» **EXERCISE MATERIAL**:
-------------------------

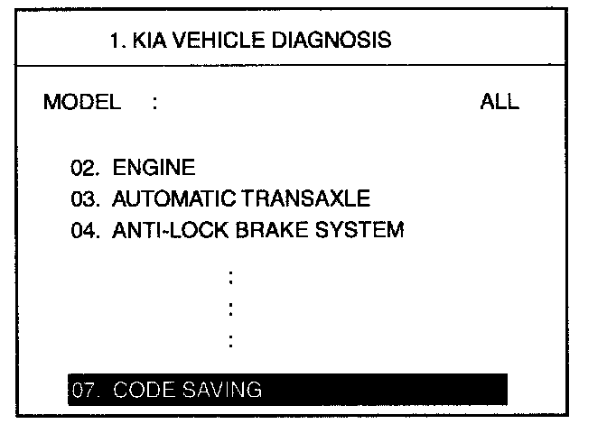 3. After selecting "CODE SAVING" menu, push "ENTER key, then the screen will be shown.
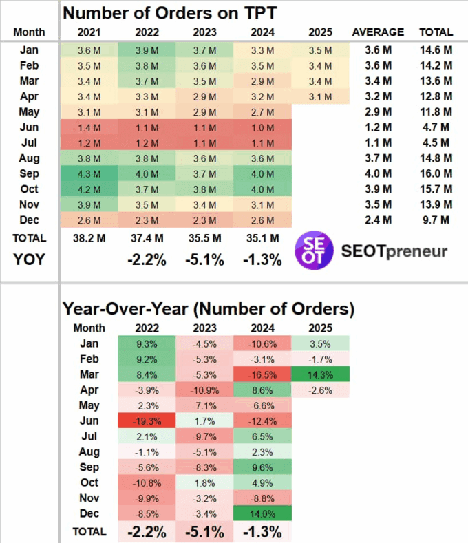 I’ve been digging into the raw TPT order counts for the last four years, and the trend is hard to miss:
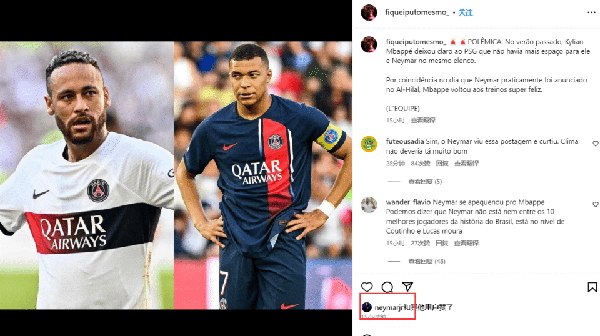 这位网友转发了《队报》的文章,文章主要内容为:去年夏天,姆巴佩向巴黎圣日耳曼明确表示,他和内马尔在同一阵容中没有更多的空间。巧合的是,就在内马尔被宣布将加盟利雅得新月的当天,姆巴佩兴高采烈地回归了巴黎圣日耳曼的正常训练。
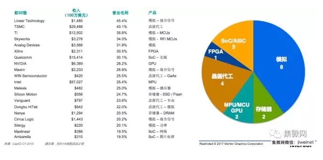 收购带来的一个比较明显的改变就是企业规模变大,那么半导体行业并购和规模经济之间有无联系呢?事实上,传统行业的规模经济并不适用于更广阔的半导体市场。规模经济指出, “规模越大,公司收益越大”,但实际上两者之间并无直接关系。在2016年盈利能力最强的半导体公司(收购之前)中,可以看到,最能赚钱的几家公司,规模并不大,英特尔就没有凌力尔特利润率高。
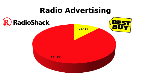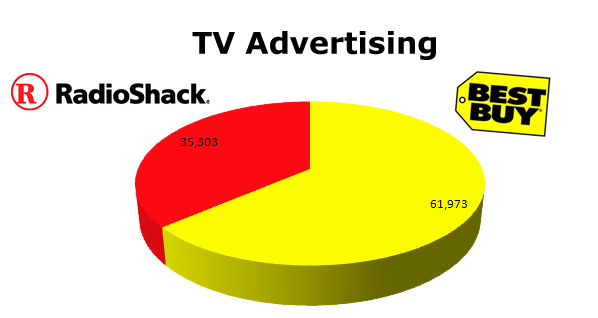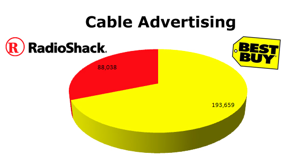 TV parallels cable in many ways, although smaller number of units. Radio Shack ran 35,303 TV ads to Best Buy's 61,973.
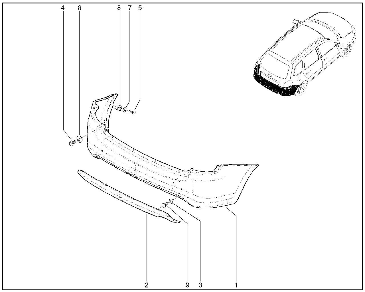 | 1 | Бампер задний без отверстий под датчики системы парковки (под окраску) | 21940280401501 | 8450005914 |
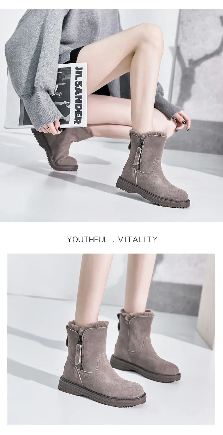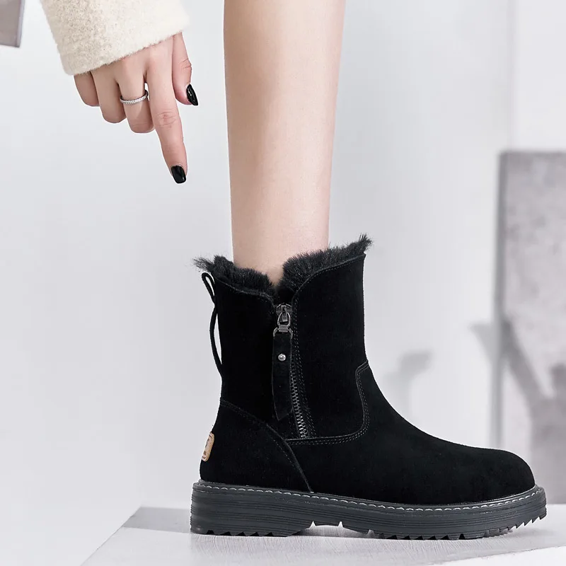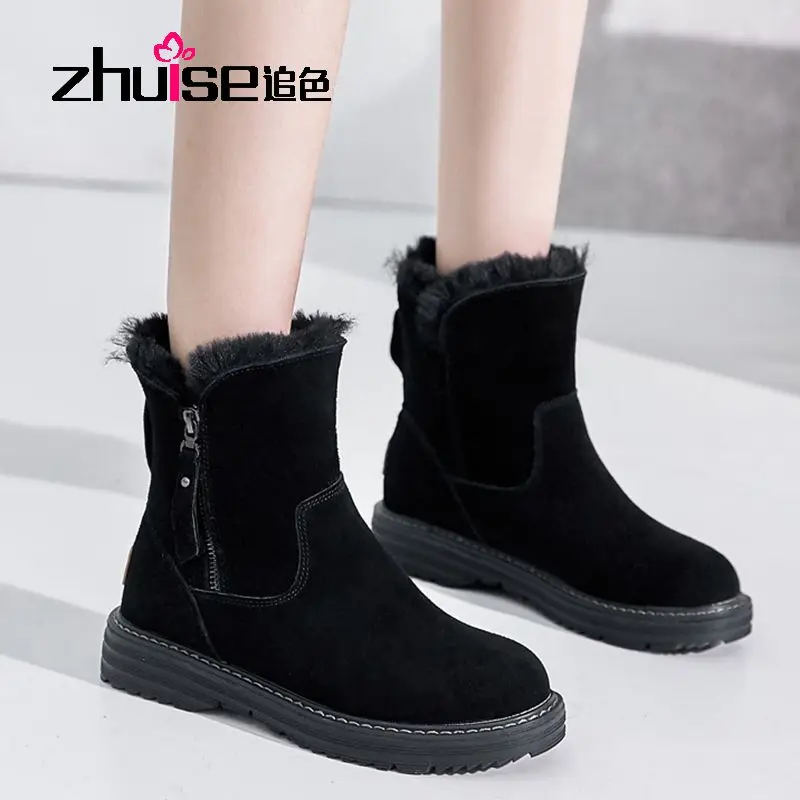Ботинки женские кожаные, на молнии, с хлопковой подкладкой, Осень-зима 2021
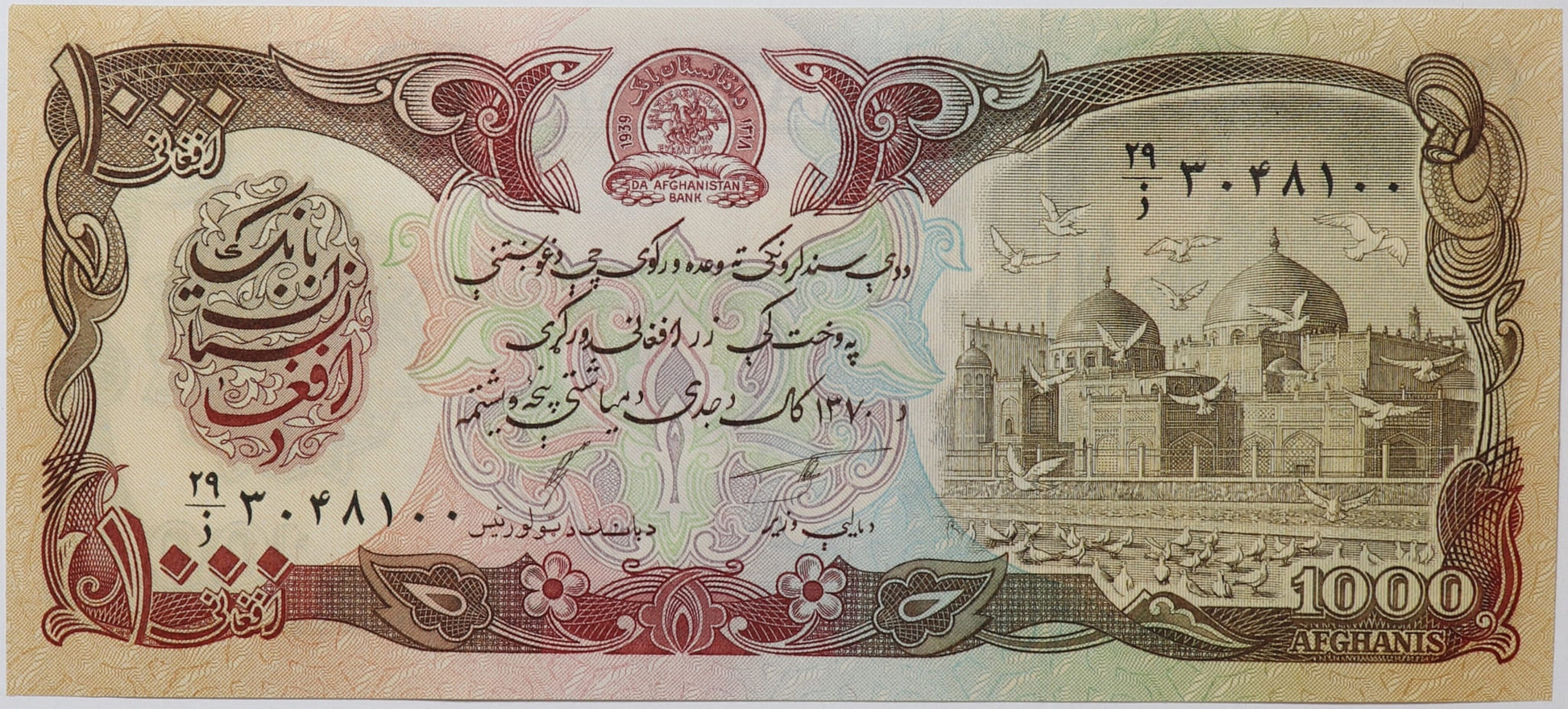 1000 Afghanis - Afganistan - 1991 rok
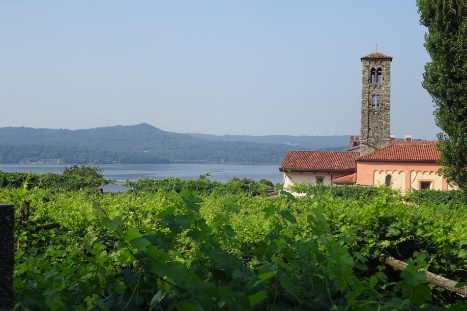 It was back to a pre-dawn iPhone alarm call this morning as we faced a gruelling 33km walk in the blazing, near tropical sun. For those who are interested we followed the AIVF historic variant. By 9am we had covered almost half the distance and we pulled into Piverone for cappuccino and croissants, an orange and a bottle of fizzy water. Rarely in life do I feel I’ve earned a little treat as much as when walking with a heavy back pack in these southern lands.
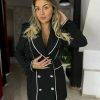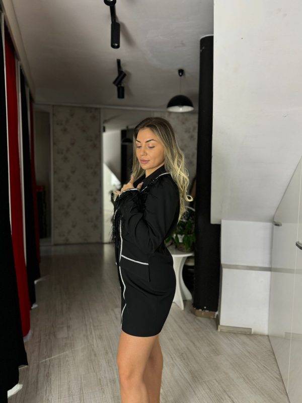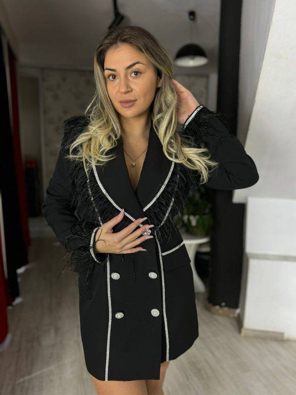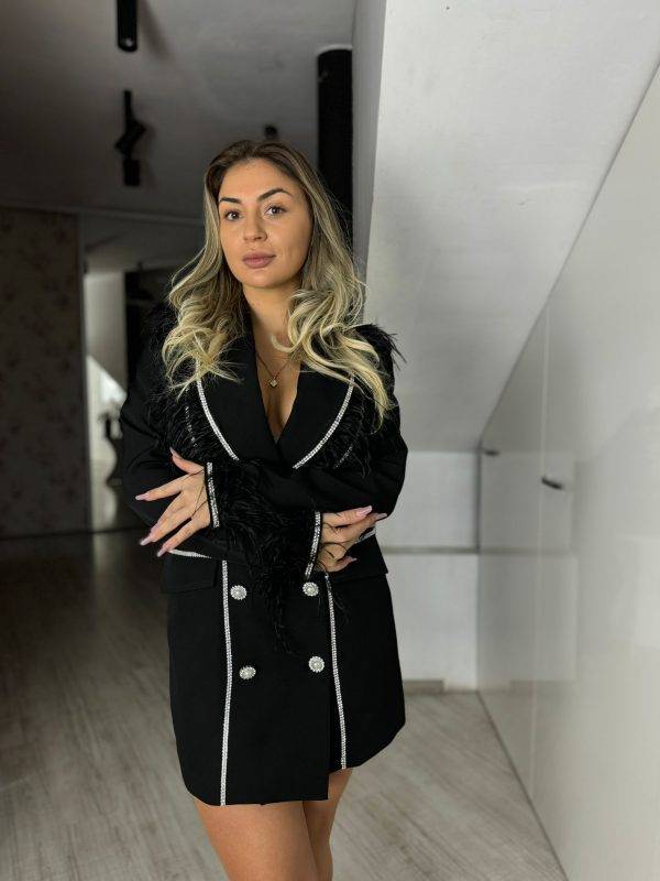 Rochie sacou neagra,extrem de eleganta,cu maneci lungi accesorizate cu pene la mansete.Reverele sunt intoarse accesorizate si ele cu pene si un sir de cristale argintii.Talia este si ea marcata de sase nasturi argintii extrem de eleganti.fusta este modi ,parte peste parte.
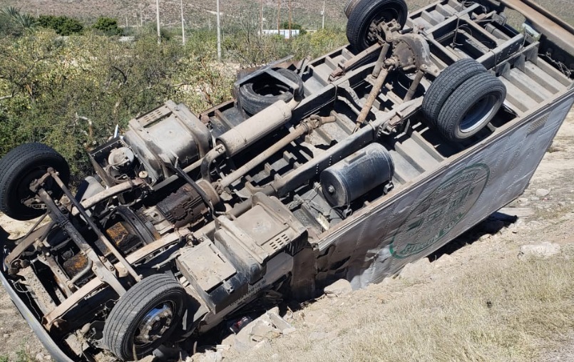 La Paz (California).- Fue a las 9:10 de la mañana de hoy, que se recibieron llamadas de emergencia al módulo C4 de esta ciudad, donde se informaba que dos camiones de carga habían chocado de frente y uno se volcó luego de salirse de la carretera en el libramiento Santiago Oceguera.

-------------------------

» **EXERCISE**: Please make an exact copy of the records, leaving out any picture.

» **RESULT**:
 3. After selecting "CODE SAVING" menu, push "ENTER key, then the screen will be shown.
 I’ve been digging into the raw TPT order counts for the last four years, and the trend is hard to miss:
 这位网友转发了《队报》的文章,文章主要内容为:去年夏天,姆巴佩向巴黎圣日耳曼明确表示,他和内马尔在同一阵容中没有更多的空间。巧合的是,就在内马尔被宣布将加盟利雅得新月的当天,姆巴佩兴高采烈地回归了巴黎圣日耳曼的正常训练。
 收购带来的一个比较明显的改变就是企业规模变大,那么半导体行业并购和规模经济之间有无联系呢?事实上,传统行业的规模经济并不适用于更广阔的半导体市场。规模经济指出, “规模越大,公司收益越大”,但实际上两者之间并无直接关系。在2016年盈利能力最强的半导体公司(收购之前)中,可以看到,最能赚钱的几家公司,规模并不大,英特尔就没有凌力尔特利润率高。
 TV parallels cable in many ways, although smaller number of units. Radio Shack ran 35,303 TV ads to Best Buy's 61,973.
 | 1 | Бампер задний без отверстий под датчики системы парковки (под окраску) | 21940280401501 | 8450005914 |
Ботинки женские кожаные, на молнии, с хлопковой подкладкой, Осень-зима 2021
 1000 Afghanis - Afganistan - 1991 rok
 It was back to a pre-dawn iPhone alarm call this morning as we faced a gruelling 33km walk in the blazing, near tropical sun. For those who are interested we followed the AIVF historic variant. By 9am we had covered almost half the distance and we pulled into Piverone for cappuccino and croissants, an orange and a bottle of fizzy water. Rarely in life do I feel I’ve earned a little treat as much as when walking with a heavy back pack in these southern lands.
 Rochie sacou neagra,extrem de eleganta,cu maneci lungi accesorizate cu pene la mansete.Reverele sunt intoarse accesorizate si ele cu pene si un sir de cristale argintii.Talia este si ea marcata de sase nasturi argintii extrem de eleganti.fusta este modi ,parte peste parte.
 La Paz (California).- Fue a las 9:10 de la mañana de hoy, que se recibieron llamadas de emergencia al módulo C4 de esta ciudad, donde se informaba que dos camiones de carga habían chocado de frente y uno se volcó luego de salirse de la carretera en el libramiento Santiago Oceguera.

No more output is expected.